#### [Work instruction]
What you produce should be an exact transcription of the data, minus any pictures.

#### [Supplied information]
Start of Block

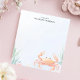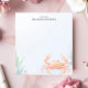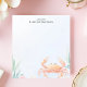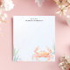 Traga um toque de charme à beira-mar para suas anotações com este lindo bloco de anotações personalizado. Um caranguejo giro, de abas cor-de-rosa, que se esfrega pelo fundo, acompanhado por sotaques sutis de algas. A design limpa e minimalista mantém o foco no charmoso crustáceo. Adicione seu texto personalizado para criar um bloco de notas exclusivo e divertido. Perfeito para amantes de praia, listas de tarefas ou lembretes rápidos.
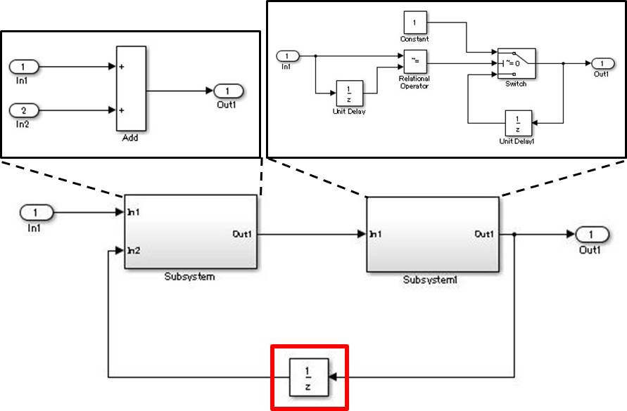 Блок задержки находится в иерархии, которая описывает цикл обратной связи.
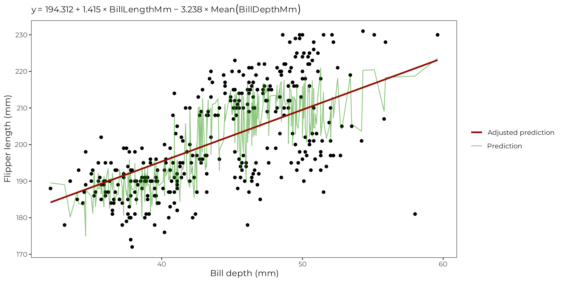 #> Statistical Power = 1 <<Adding bill_depth_mm as a predictor meaningful improve the prediction of flipper_length_mm?

End of Block

#### [Answer to this exercise]
 Traga um toque de charme à beira-mar para suas anotações com este lindo bloco de anotações personalizado. Um caranguejo giro, de abas cor-de-rosa, que se esfrega pelo fundo, acompanhado por sotaques sutis de algas. A design limpa e minimalista mantém o foco no charmoso crustáceo. Adicione seu texto personalizado para criar um bloco de notas exclusivo e divertido. Perfeito para amantes de praia, listas de tarefas ou lembretes rápidos.
 Блок задержки находится в иерархии, которая описывает цикл обратной связи.
 #> Statistical Power = 1 <<Adding bill_depth_mm as a predictor meaningful improve the prediction of flipper_length_mm?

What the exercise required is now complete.